Categories: CRYPTO

RWAs rise 260% in 2025, driven by US crypto regulations


The tokenization of real-world assets (RWAs) surged in the first half of 2025 as increased regulatory clarity fueled broader adoption of blockchain-based financial products.

Real-world asset tokenization refers to financial and other tangible assets minted on the immutable blockchain ledger, increasing investor accessibility and trading opportunities for these assets.

The RWA market surged more than 260% during the first half of 2025, surpassing $23 billion in total valuation. It was $8.6 billion at the beginning of the year, according to a Binance Research report shared with Cointelegraph.

Tokenized private credit led the RWA market boom, accounting for about 58% of the market share, followed by tokenized US Treasury debt, which accounted for 34%.

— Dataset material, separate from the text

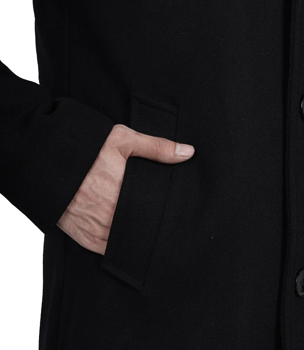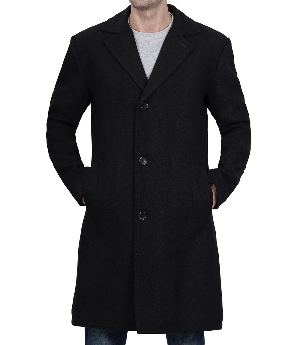 Modern Fit Long Length Black Wool Topcoat – Timeless Mens Style

“As regulatory frameworks become clearer, the sector is poised for continued growth and increased participation from major industry players,” the report said.

RWA market total value, all-time chart. Source: Binance Research

Related: Blockchain and AI could fuel $3.5T DePIN market boom by 2028: WEF

RWAs have no dedicated regulatory framework and are considered securities by the US Securities and Exchange Commission (SEC). However, the sector still benefits from regulatory developments in the broader crypto space.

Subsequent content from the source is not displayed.